(Records excerpted from a collection)
--------

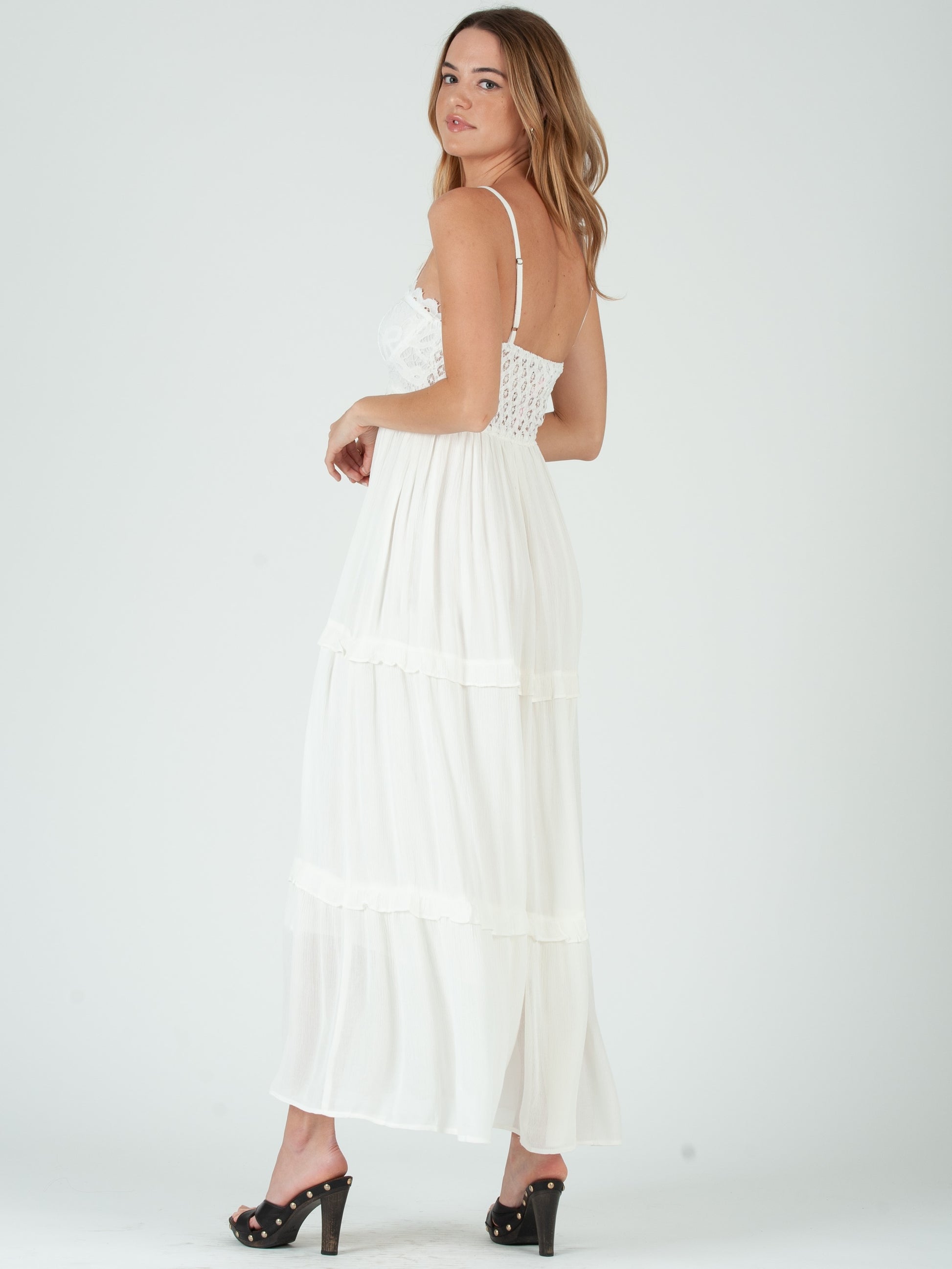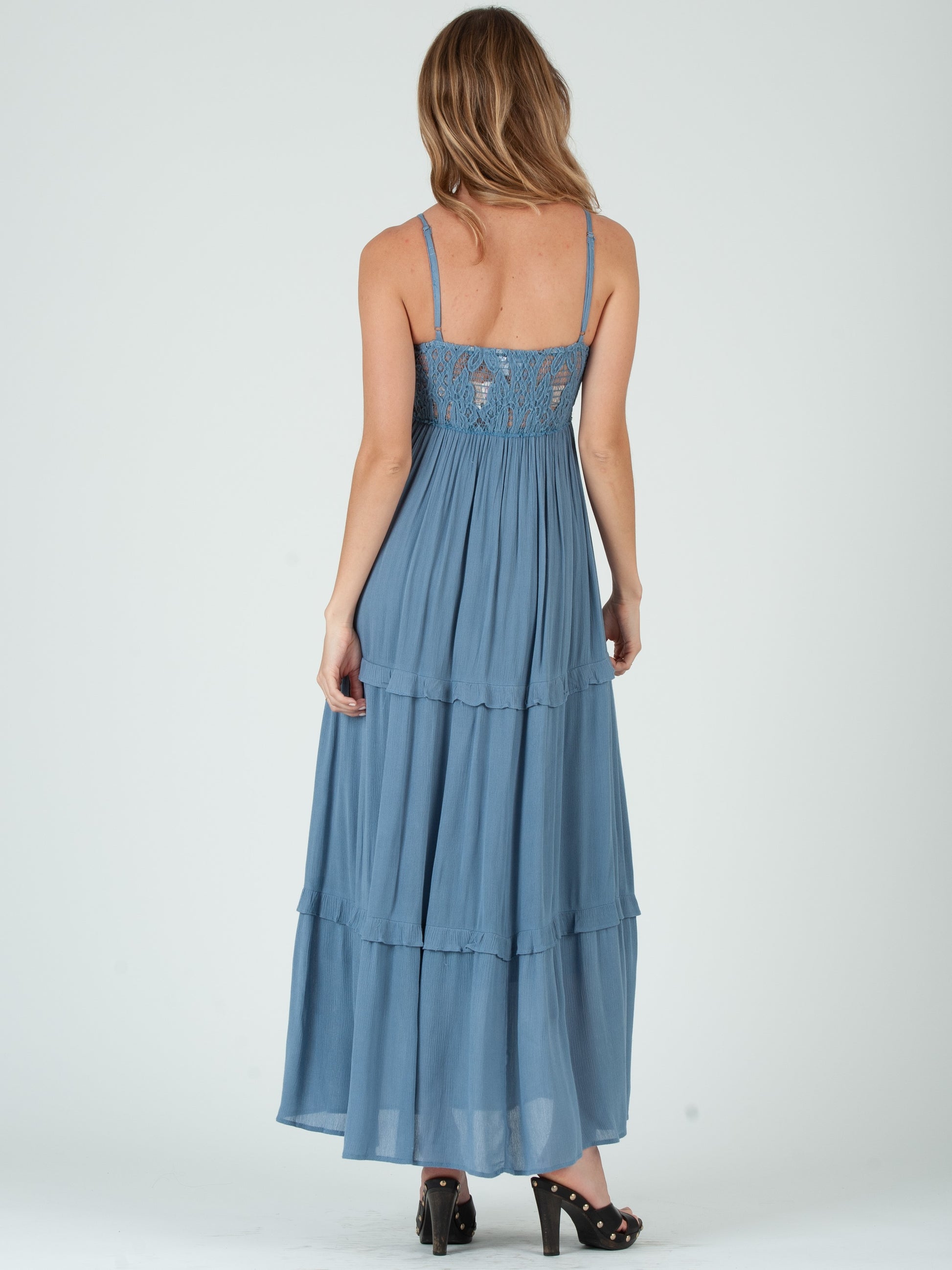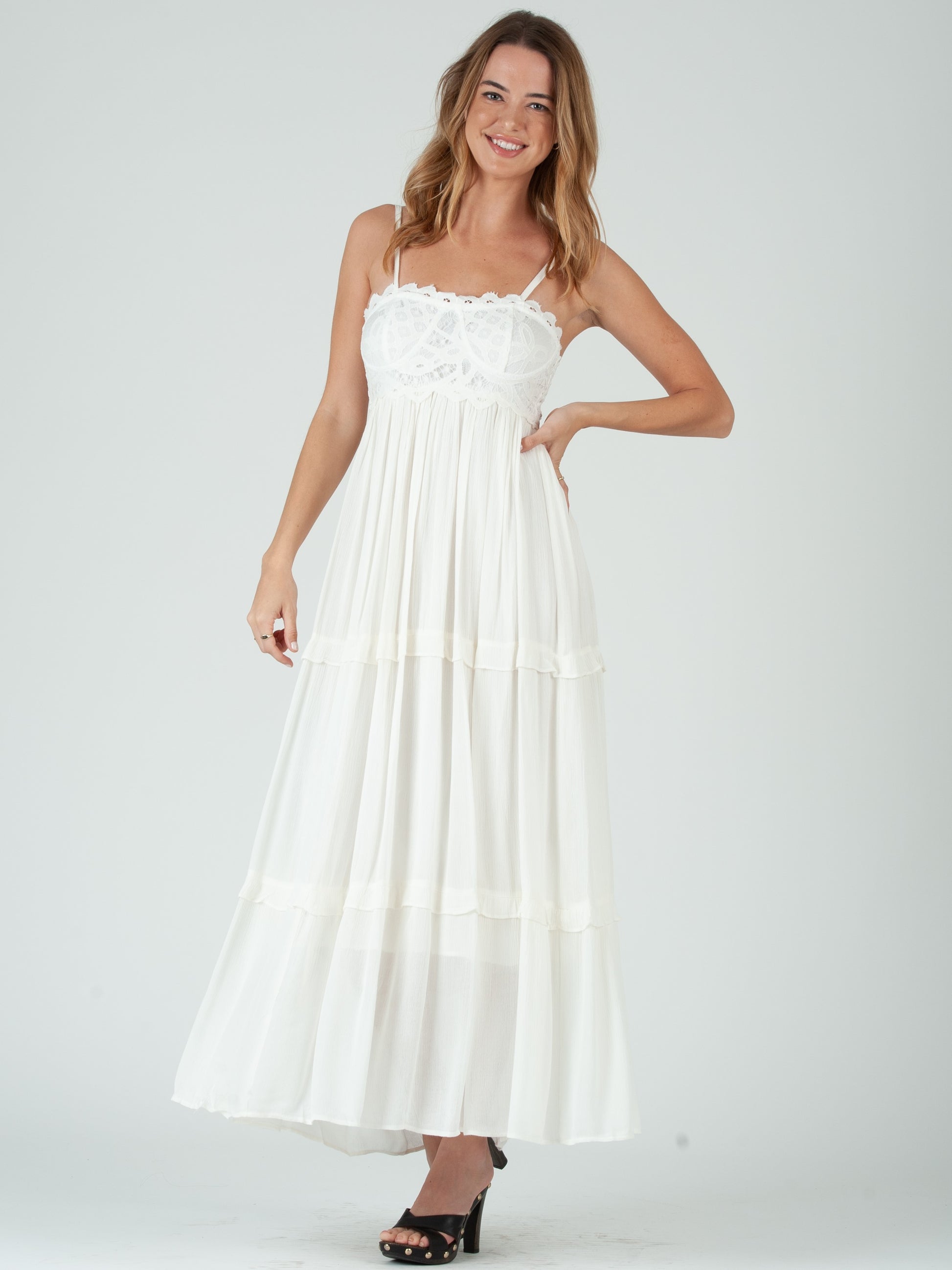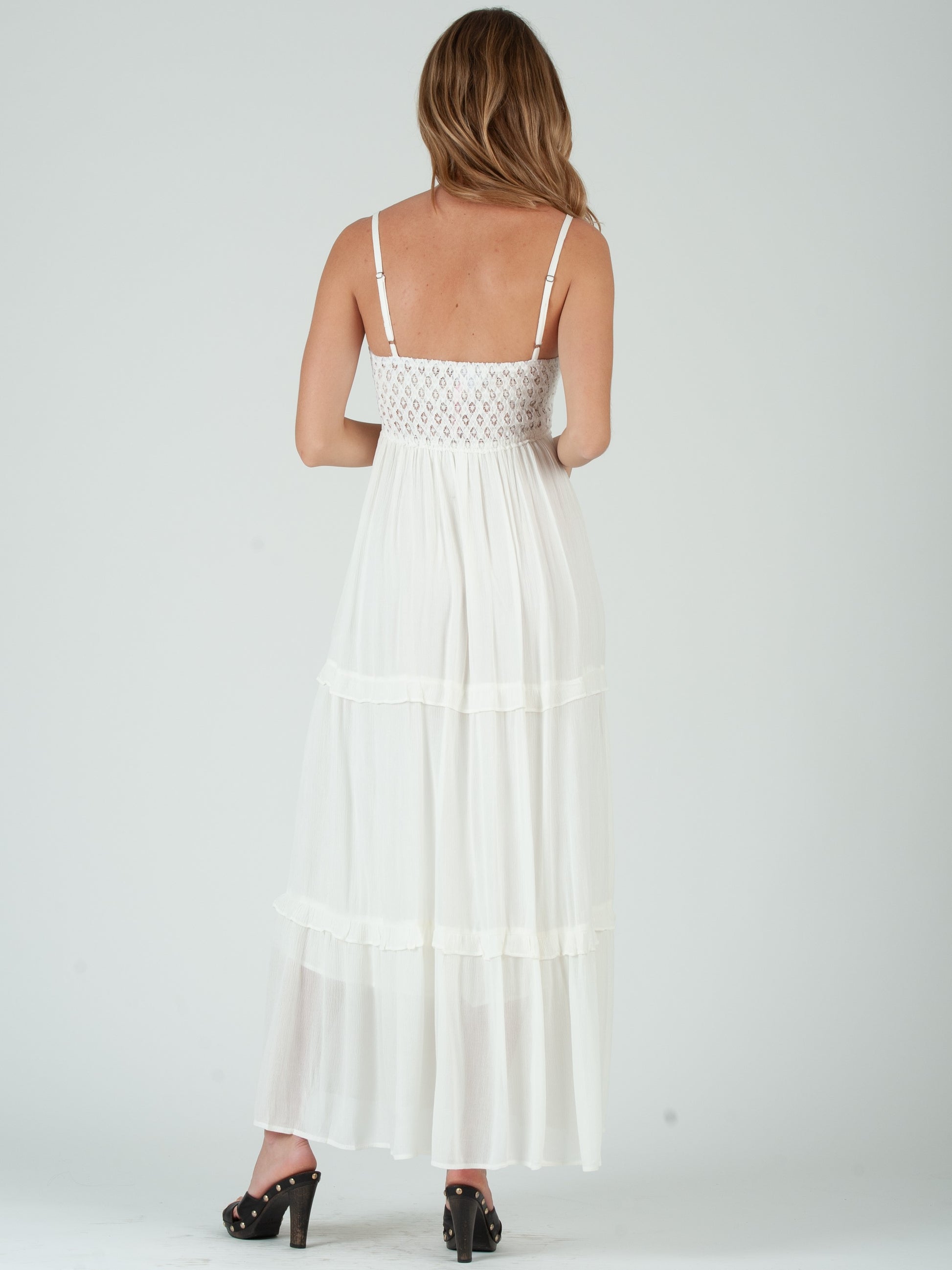 Doily lace detail overlay, smocked back detail fitted and flounce maxi dress. Elegant and boho mix in this maxi dress!
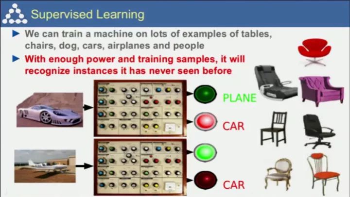 我们可以通过强化学习训练机器识别如桌子、凳子、够、汽车、飞机等实例,只要我们有足够的计算能力和训练样本,机器业能识别出之前未见过的东西。
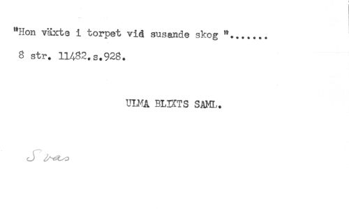 //// "Hon växte i torpet vid susande skog //// 8 str. 11482,s.928. //// UINA BLIXTS SAM,. //// J ////
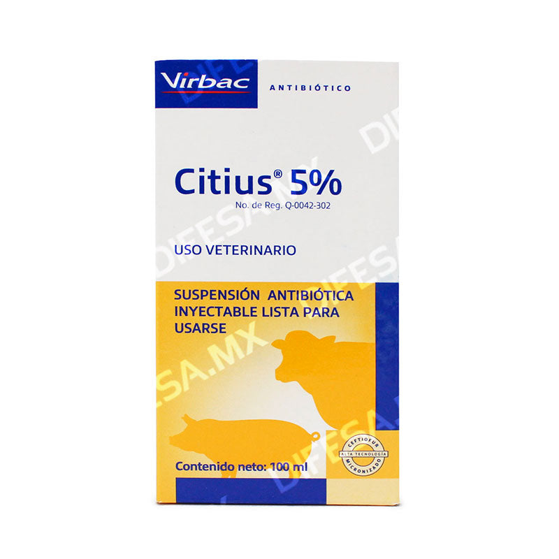 Citius 5% es un antibiótico de amplio espectro de Virbac, cuyo principio activo es Ceftiofur (clorhidrato) 50 mg/ml. Está indicado para uso en bovinos adultos para el tratamiento de enfermedades respiratorias, pododermatitis, mastitis y metritis causadas por microorganismos sensibles.
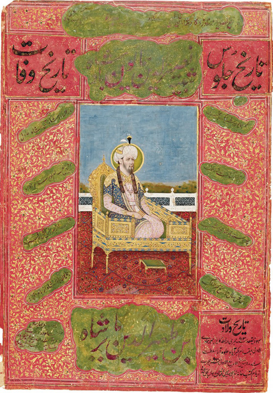 Nasir-ud-din Humayun kneeling on a golden throne
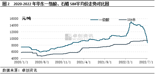 从上图中可以看出,2022年一季度硬脂酸市场在原料支撑下价格水涨船高,国内一级硬脂酸价格高位在15100元/吨,与石蜡价格差在6028.75元/吨;进入二季度硬脂酸市场因原料市场松动,创下近年最大季度跌幅,从3月中旬突破15000元/吨到6月底跌破11000元/吨,硬脂酸市场在二季度将今年一季度的全部涨幅基本回吐完毕。截止到当前,国产一级硬脂酸市场成交在8600-8800元/吨,与石蜡主流型号58半均价9415元/吨相比,价格优势不再。短期内,由于原料端弱势、基本面偏空和宏观面打压,硬脂酸市场或将延续下行趋势。
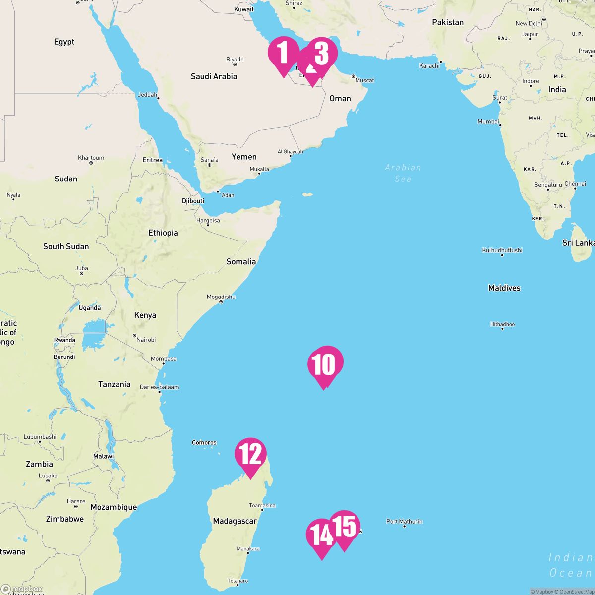The Norwegian Dawn sails on December 22, 2024 for a 14 Night South Africa: Seychelles Madagascar Oman & Uae (Doha To Port Louis). The ship will depart the port of Doha, Qatar at 7:00 PM and will return to the port of Port Louis, Mauritius on Jan 5th at 6:00 AM. During the 15-day journey, the Norwegian Dawn will visit 7 additional ports and will spend 6 days at sea.
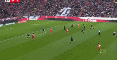 下半场易边再战第51分钟,卡尔中路扛住防守推进分球,奥利塞再分到右侧的斯坦尼西奇,后者立马横传禁区,卡尔推射远角破门,但斯坦尼西奇越位了进球无效。第55分钟,奥利塞角球旋入禁区,于帕梅卡诺后门柱近距离端射命中,3:2!拜仁回敬了一次角球配合破门,并且成功反超了比分。
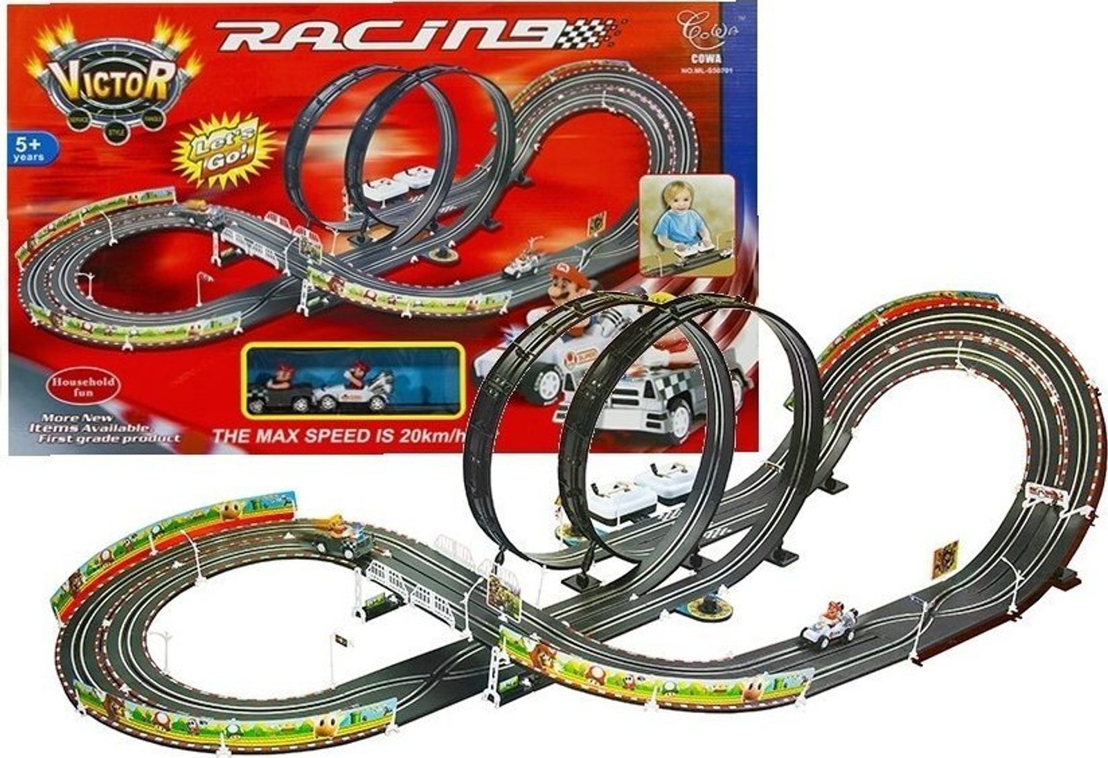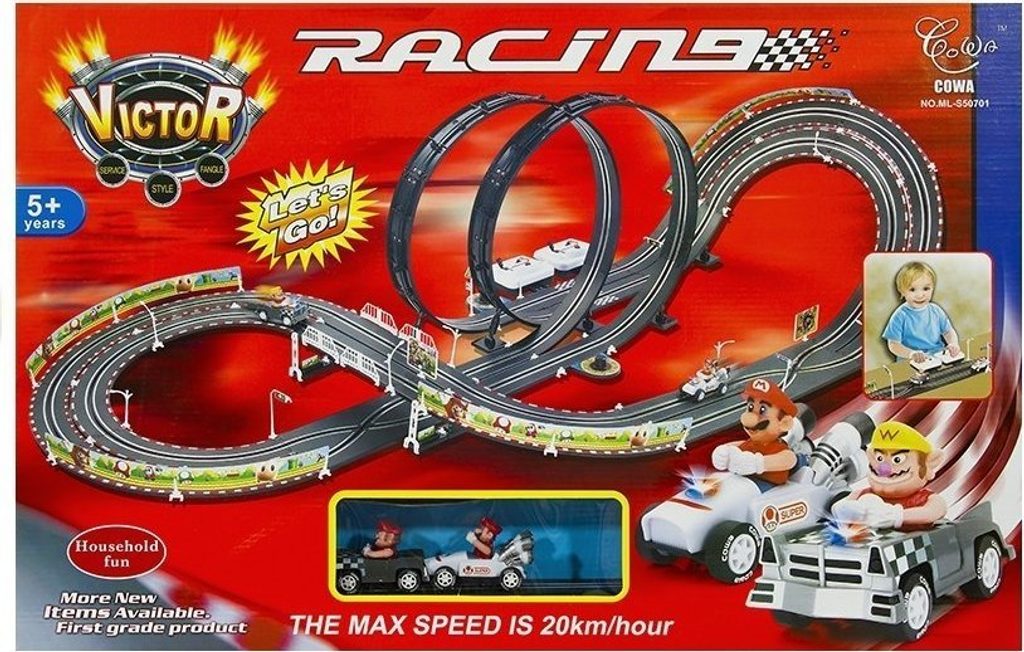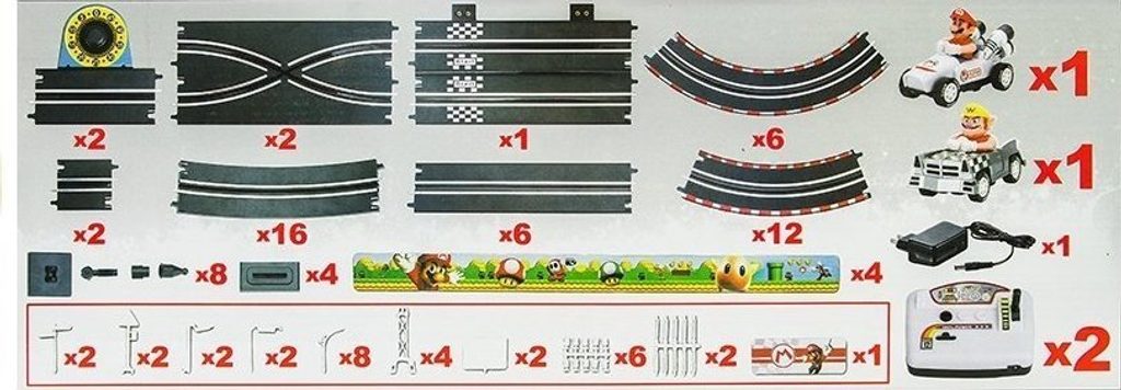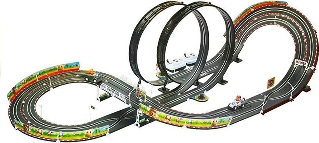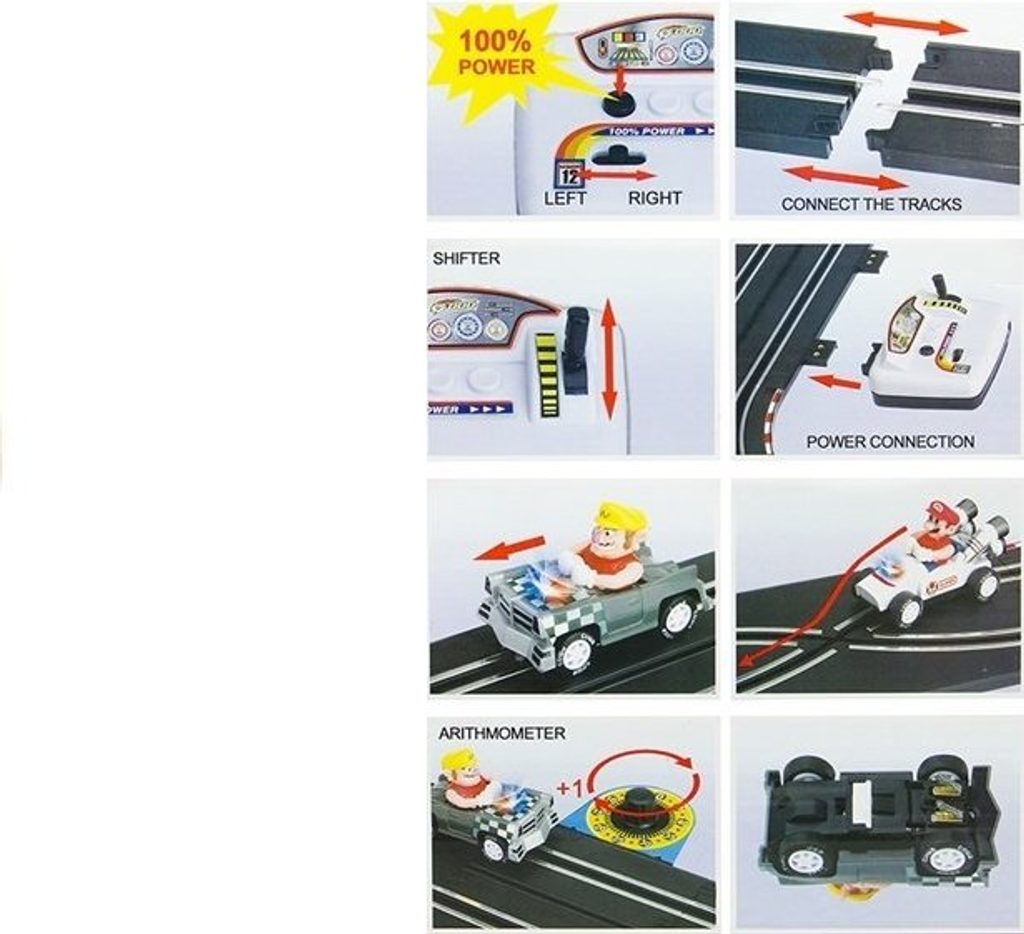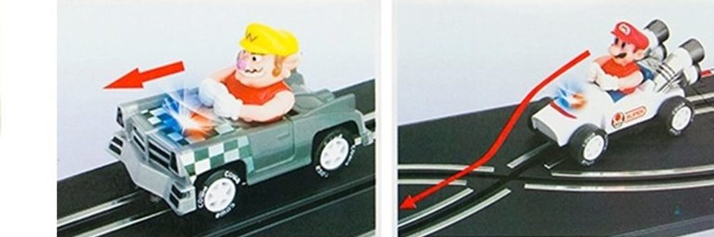 Nádherná závodní dráha má ovladače s potenciometrem pro nastavení rychlosti jízdy, tlačítko turbo a přepínač směru jízdy. Závodní vozy jsou vybaveny LED diodami s iniciály postaviček.

--------

*ABOUT THIS TASK*
All lines from the beginning of the entries above to the line containing "Nasir-ud-din Humayun kneeling", inclusive, should be printed exactly, apart from the pictures.

*RESULT OF THE EXERCISE*
 Doily lace detail overlay, smocked back detail fitted and flounce maxi dress. Elegant and boho mix in this maxi dress!
 我们可以通过强化学习训练机器识别如桌子、凳子、够、汽车、飞机等实例,只要我们有足够的计算能力和训练样本,机器业能识别出之前未见过的东西。
 //// "Hon växte i torpet vid susande skog //// 8 str. 11482,s.928. //// UINA BLIXTS SAM,. //// J ////
 Citius 5% es un antibiótico de amplio espectro de Virbac, cuyo principio activo es Ceftiofur (clorhidrato) 50 mg/ml. Está indicado para uso en bovinos adultos para el tratamiento de enfermedades respiratorias, pododermatitis, mastitis y metritis causadas por microorganismos sensibles.
 Nasir-ud-din Humayun kneeling on a golden throne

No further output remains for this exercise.